CHARLOTTE, N.C. – Sartorially, Jordan Spieth usually favors bright hues, but on Wednesday, the eve of the 99th PGA Championship, he wore a black cap and matching shirt.

"Just changing things up," he said.

When you're golf's darling and on the cusp of history, you wear whatever you please, without any sense of doom. No, the only gloom at Quail Hollow is the weather forecast, but has Spieth ever been deterred by rain or any other obstacle?

Yes, Spieth has a chance to achieve momentous things, namely becoming the sixth male golfer to complete the career Grand Slam and the youngest to do so. But on Wednesday he seemed serene, not antsy; introspective, not consumed.

"Expectations, I really don't feel any," he said. "This whole, 'This is a chance to complete the career Grand Slam'; I'm here, so I'm going to go ahead and try. But I believe I'm going to have plenty of chances. And I'm young enough to believe in my abilities that it will happen at some point.

"Do I have to be the youngest? No, I don't feel that kind of pressure. Would it be really cool? Absolutely."

Tiger Woods was 24 years and 6 months old when he became the youngest and most recent Grand Slam fraternity member, by winning the 2000 British Open at St. Andrews.

If this PGA Championship concludes Sunday, which judging from the weather forecasts might not happen, Spieth would be 24 years and 17 days.

Of the five players who have completed the Slam — Gene Sarazen, Ben Hogan, Jack Nicklaus and Gary Player being the others — none needed more than three attempts to win the final major.

It was just 18 days ago that Spieth seized his third Grand Slam leg by winning the British Open at Royal Birkdale. He's one of three active players who have won three legs of the Slam. The next three majors will afford each of those players a chance to complete the Slam.

Phil Mickelson, 47, lacks only the U.S. Open. He's finished second in that major six times, but in the three U.S. Opens he's played since attaining the third leg of the Slam (at the 2013 British) he hasn't finished closer than 15 shots out of the lead.

Rory McIlroy, 28, attained leg three of the Slam when he won the 2014 PGA Championship. Lacking only the Masters, he has posted top-10 finishes in all three ensuing attempts to finish the Slam.

The main difference between Spieth this week and McIlroy's first try to finish the Slam is that the 2015 Masters occurred eight months after his 2014 PGA win.

"It's a very long time and it plays on your mind a little bit," McIlroy said. "I think that's where Jordan doesn't have to deal with that coming into this week.

"It's great to be able to ride on the crest of a wave and just sort of keep it going."

Although Spieth won February's AT&T Pebble Beach Pro-Am by four shots and tied for second at the Dean & DeLuca Invitational at Colonial in late May, this wave he's currently riding didn't swell until he won late June's Travelers Championship by sinking a playoff-hole bunker shot.
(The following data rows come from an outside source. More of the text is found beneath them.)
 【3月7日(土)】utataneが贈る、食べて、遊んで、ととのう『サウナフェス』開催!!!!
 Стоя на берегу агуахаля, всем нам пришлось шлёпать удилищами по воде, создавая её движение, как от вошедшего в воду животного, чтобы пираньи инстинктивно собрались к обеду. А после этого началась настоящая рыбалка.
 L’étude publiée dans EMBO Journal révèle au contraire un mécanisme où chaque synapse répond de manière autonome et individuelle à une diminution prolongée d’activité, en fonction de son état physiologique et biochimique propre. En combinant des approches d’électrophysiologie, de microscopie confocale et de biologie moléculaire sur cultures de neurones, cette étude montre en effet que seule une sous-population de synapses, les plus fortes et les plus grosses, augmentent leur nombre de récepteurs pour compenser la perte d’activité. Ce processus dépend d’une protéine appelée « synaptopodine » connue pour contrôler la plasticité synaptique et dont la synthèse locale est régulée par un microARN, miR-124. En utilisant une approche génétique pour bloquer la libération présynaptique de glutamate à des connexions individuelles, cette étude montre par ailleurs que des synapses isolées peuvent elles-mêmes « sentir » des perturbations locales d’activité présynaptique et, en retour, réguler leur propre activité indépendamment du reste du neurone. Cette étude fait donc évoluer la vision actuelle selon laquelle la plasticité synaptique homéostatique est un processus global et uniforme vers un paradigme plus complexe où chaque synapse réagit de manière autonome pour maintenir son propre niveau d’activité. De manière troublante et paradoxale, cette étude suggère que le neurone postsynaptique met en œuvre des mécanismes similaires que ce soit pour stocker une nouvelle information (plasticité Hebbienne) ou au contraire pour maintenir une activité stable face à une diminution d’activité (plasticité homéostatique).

Four months ago, when he missed the cut at his hometown AT&T Byron Nelson, Spieth faced questions about his erratic putting. Now he's on such a roll that comparisons are being made to 2015, when he won the Masters and U.S. Open, plus three other PGA Tour victories and the FedEx Cup title.

"I feel like around the greens and on the greens, I was stronger in 2015," he said. "But I feel like my ball-striking, especially my iron play, is better now than it was then."
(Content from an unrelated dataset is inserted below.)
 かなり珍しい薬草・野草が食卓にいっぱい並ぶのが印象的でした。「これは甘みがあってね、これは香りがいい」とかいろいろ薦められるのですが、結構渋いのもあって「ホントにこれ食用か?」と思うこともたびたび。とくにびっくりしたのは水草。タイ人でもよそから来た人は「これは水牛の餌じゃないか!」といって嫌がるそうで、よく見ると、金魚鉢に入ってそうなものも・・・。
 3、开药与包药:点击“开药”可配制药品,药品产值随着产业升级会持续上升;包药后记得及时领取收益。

Though weather was a factor at Royal Birkdale, Quail Hollow will present a different challenge because the expected rain will make the course play even longer than its listed 7,600 yards.
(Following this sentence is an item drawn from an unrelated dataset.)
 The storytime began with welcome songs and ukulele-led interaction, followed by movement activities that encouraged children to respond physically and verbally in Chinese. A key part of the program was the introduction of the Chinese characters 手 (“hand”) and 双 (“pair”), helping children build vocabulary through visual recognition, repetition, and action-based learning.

Whereas Spieth hit 290-yard drives with 20-plus-yard rollouts at Birkdale, there is little roll on Quail Hollow's already wet fairways. But the greens, with a SubAir system drying them, are firm and grainy.

"So you can land the ball within three paces of each other and end up 40 feet apart," Spieth said. "You have to have unbelievable distance control out here to get the ball close to these pins."

Spieth also described the thick Bermuda rough as brutal, not that he is daunted.

"The golf course is extremely challenging," he said. "I don't think it puts me at a disadvantage in any way to say that. That's what I'm playing against. But the biggest challenge is going to be the incredible talent that's out here this week."

TNT and CBS are all but openly rooting for Spieth to be in contention. With apologies to McIlroy, No. 1-ranked Dustin Johnson and other elite players, Spieth has emerged as golf's best hope of climbing out of its post-Tiger Woods-era TV ratings doldrums.

"I'm not sure the fringe fan, or even the media that doesn't cover golf on a regular basis, realizes that golf could be on the precipice of one of the greatest achievements in the history of the sport," CBS golf anchor Jim Nantz said. "And it's a responsibility we're really happy to have in our hands."

If Spieth feels burdened by this opportunity to make history and what it would mean for golf, he hasn't shown it this week.